HOW TO COMPLETE THIS TASK = Leave the pictures out and give every entry again exactly.

======== MATERIAL FOR THE TASK ========

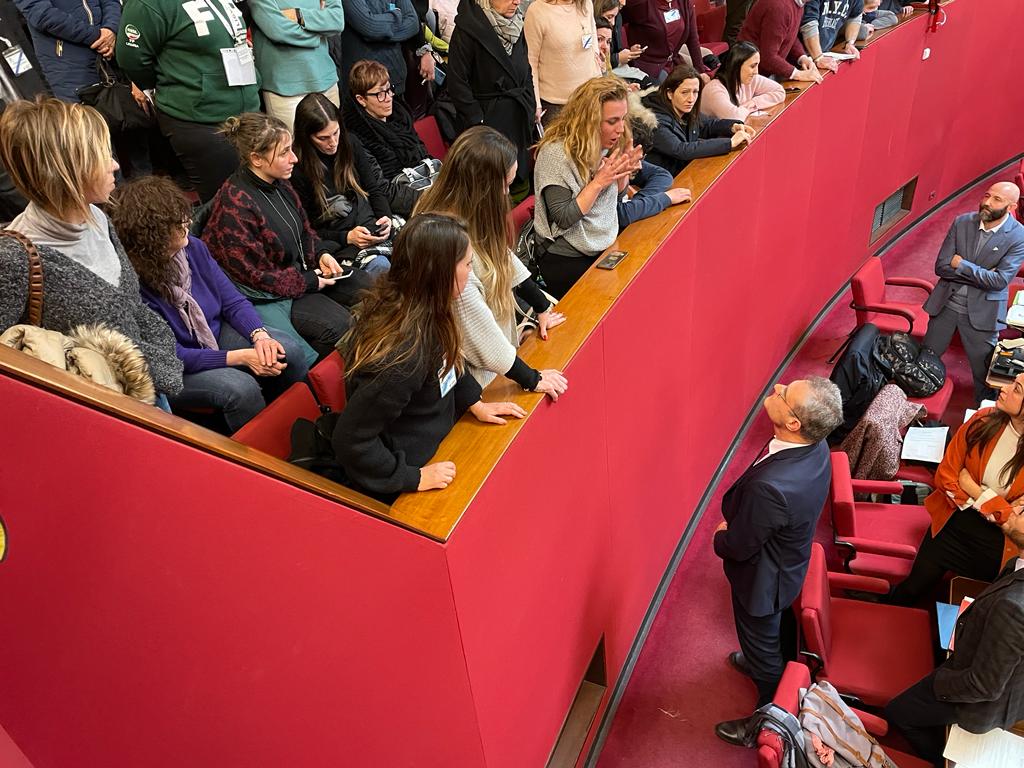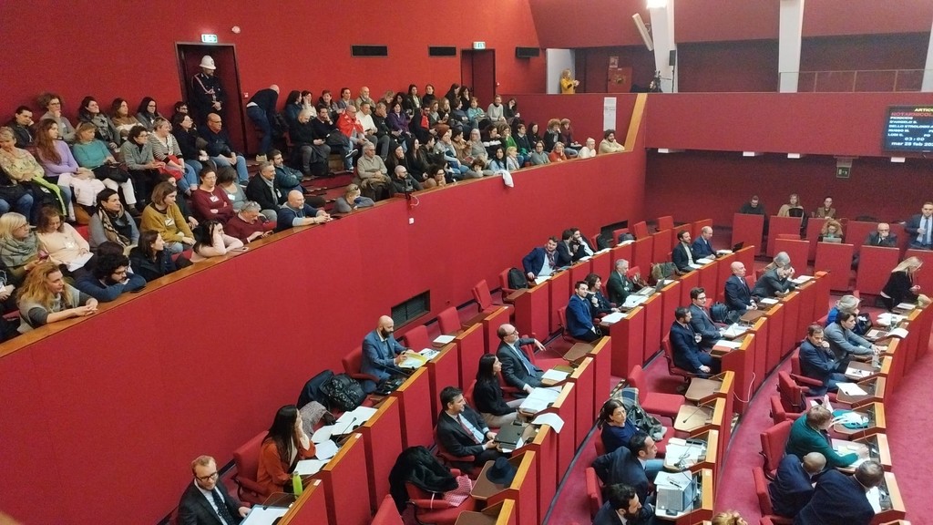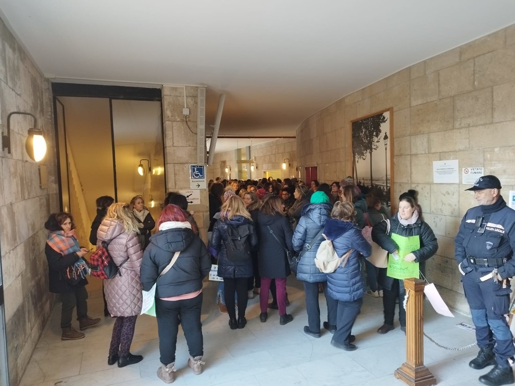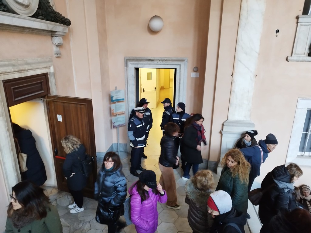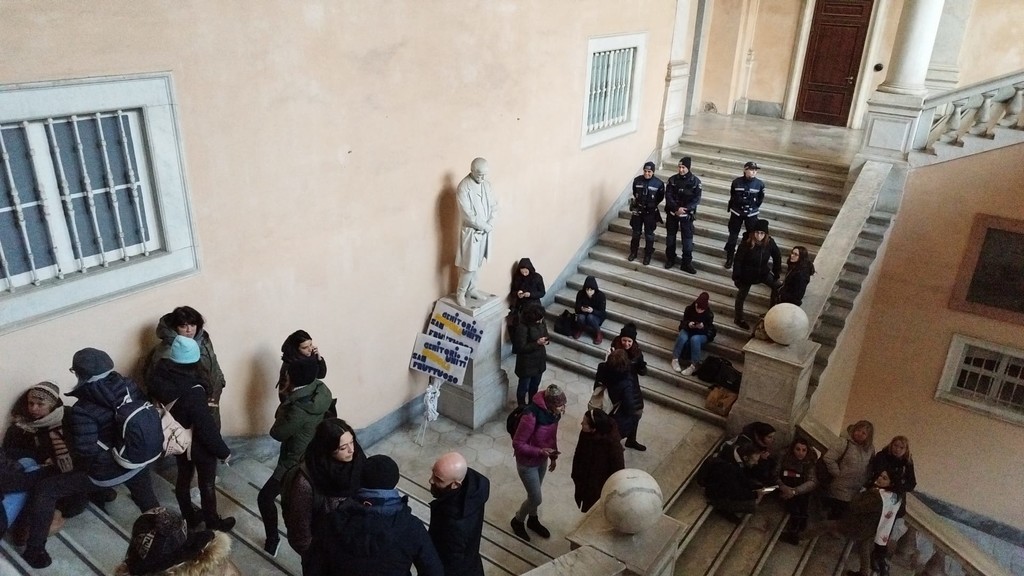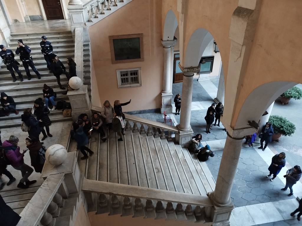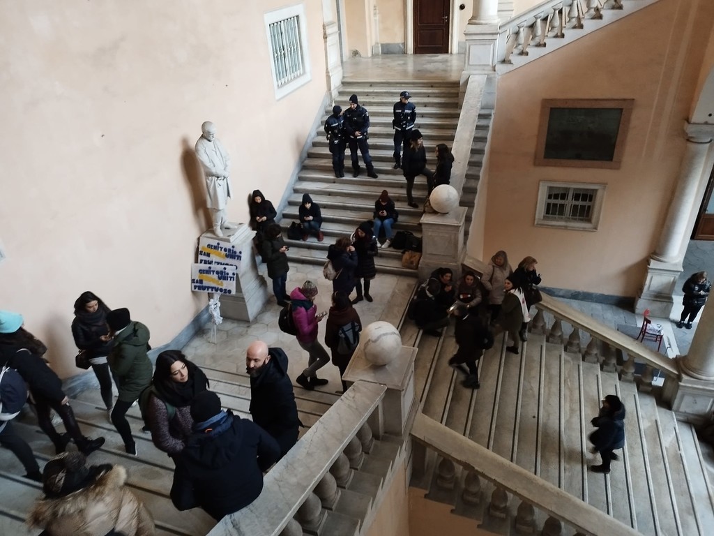 I lavoratori sono stati invitati dai sindacati a scendere nell'atrio di palazzo Tursi, da dove attendono l'esito della riunione di maggioranza e le parole in aula del vicesindaco Piciocchi.
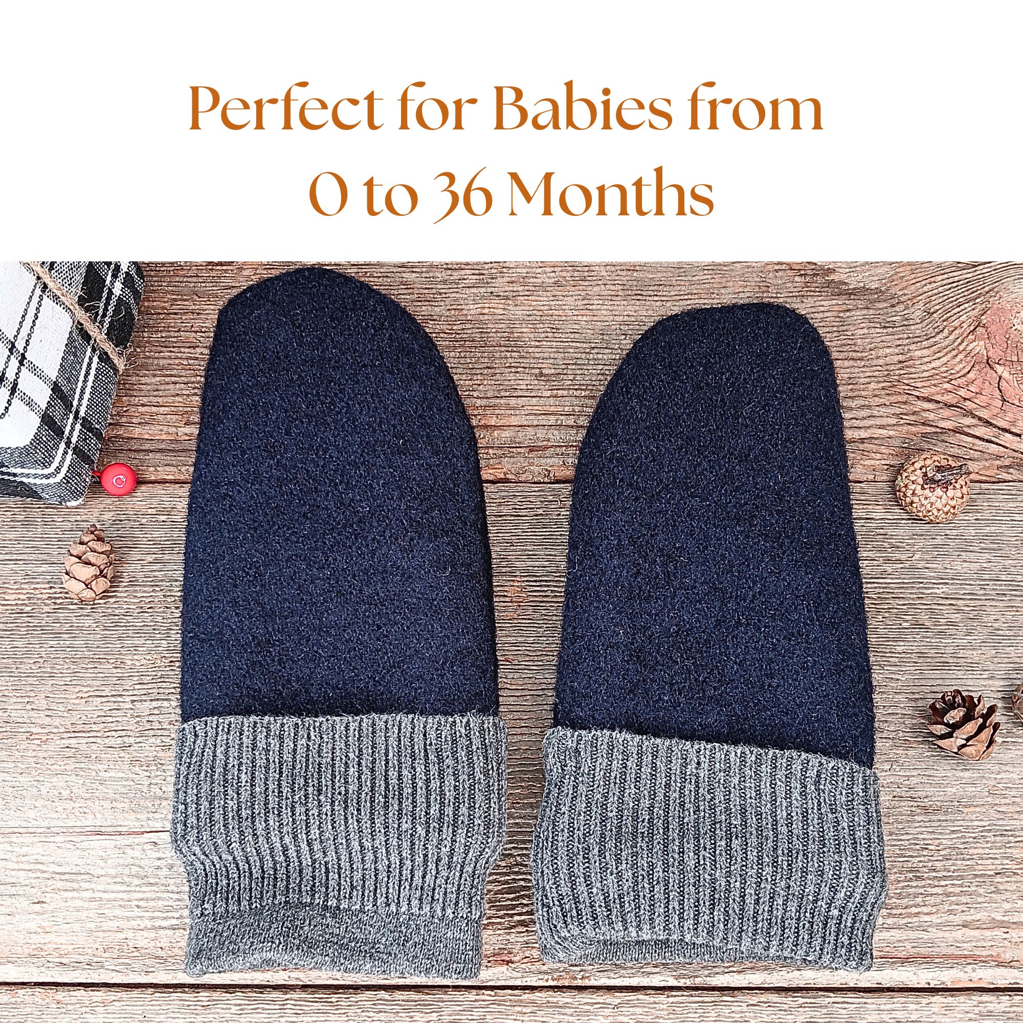 Wool Baby Mitten | Navy Blue Double Layered Mitt Fleece Lining | Handmade Warm Durable Girl Boy Winter Mittens, Babies Unisex Infant Toddler
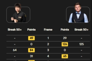 雷佩凡打出单杆64、65、51、52分,瑞恩·戴打出125分破百,雷佩凡5-4领先戴结束第一阶段。
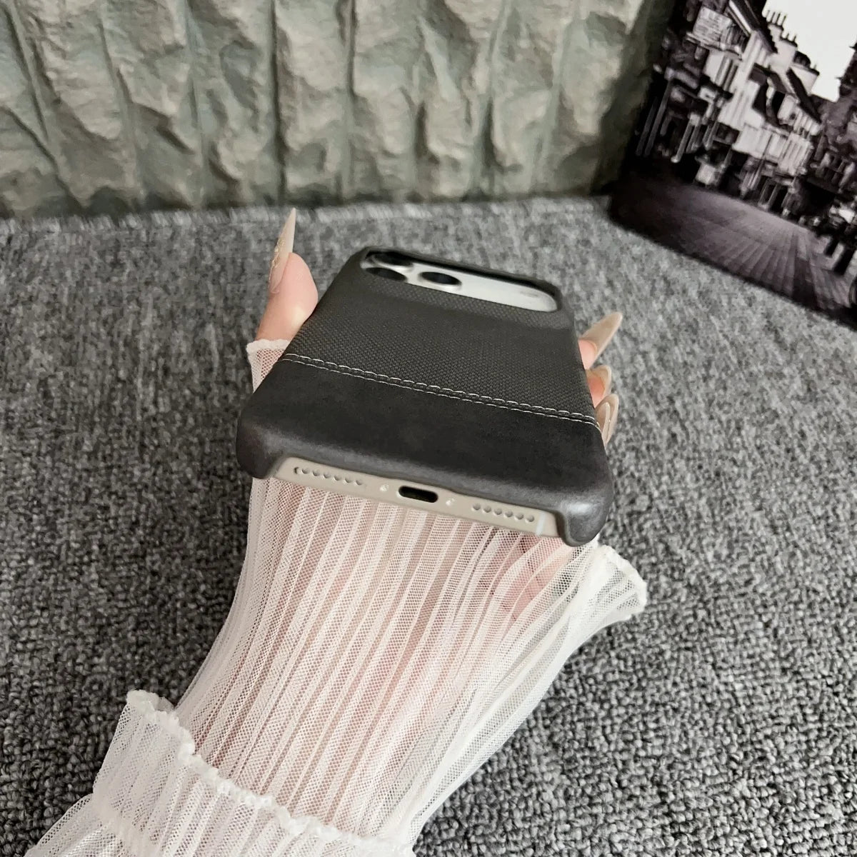 Luxury Leather Splice Business Phone Case For iPhone 17 Air / 16 / 15 Pro Max – Matte Weaving Frameless Shockproof Cover
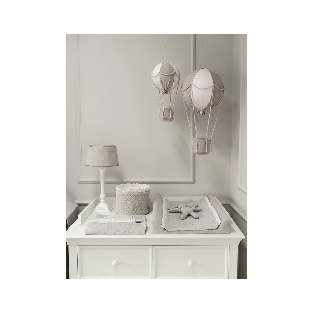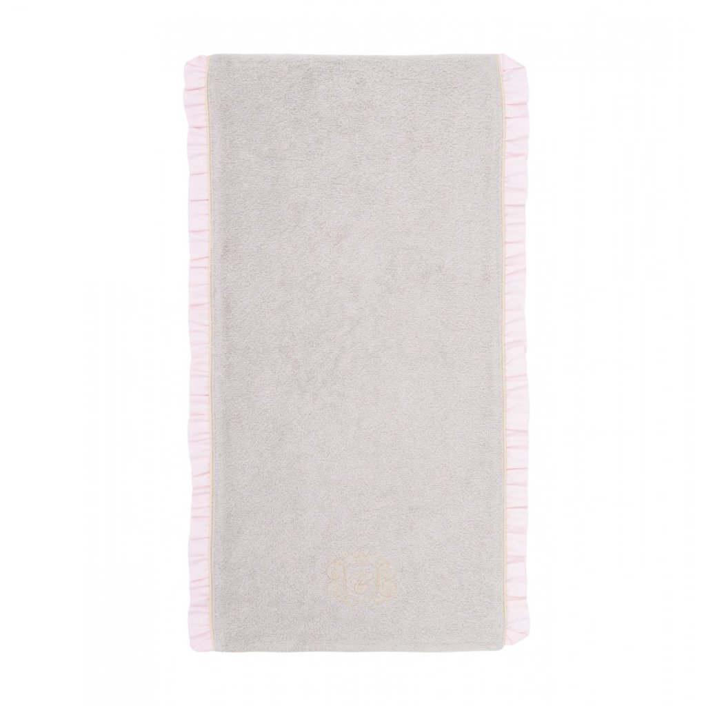 Náhradný poťah na prekrytie prebaľovacej podložky. Vyrobený z béžovej froté bavlny so zlatým znakom, rozkošným riasením v ružovej farbe so zlatým lemom.

========

EXERCISE ANSWER =
 I lavoratori sono stati invitati dai sindacati a scendere nell'atrio di palazzo Tursi, da dove attendono l'esito della riunione di maggioranza e le parole in aula del vicesindaco Piciocchi.
 Wool Baby Mitten | Navy Blue Double Layered Mitt Fleece Lining | Handmade Warm Durable Girl Boy Winter Mittens, Babies Unisex Infant Toddler
 雷佩凡打出单杆64、65、51、52分,瑞恩·戴打出125分破百,雷佩凡5-4领先戴结束第一阶段。
 Luxury Leather Splice Business Phone Case For iPhone 17 Air / 16 / 15 Pro Max – Matte Weaving Frameless Shockproof Cover
 Náhradný poťah na prekrytie prebaľovacej podložky. Vyrobený z béžovej froté bavlny so zlatým znakom, rozkošným riasením v ružovej farbe so zlatým lemom.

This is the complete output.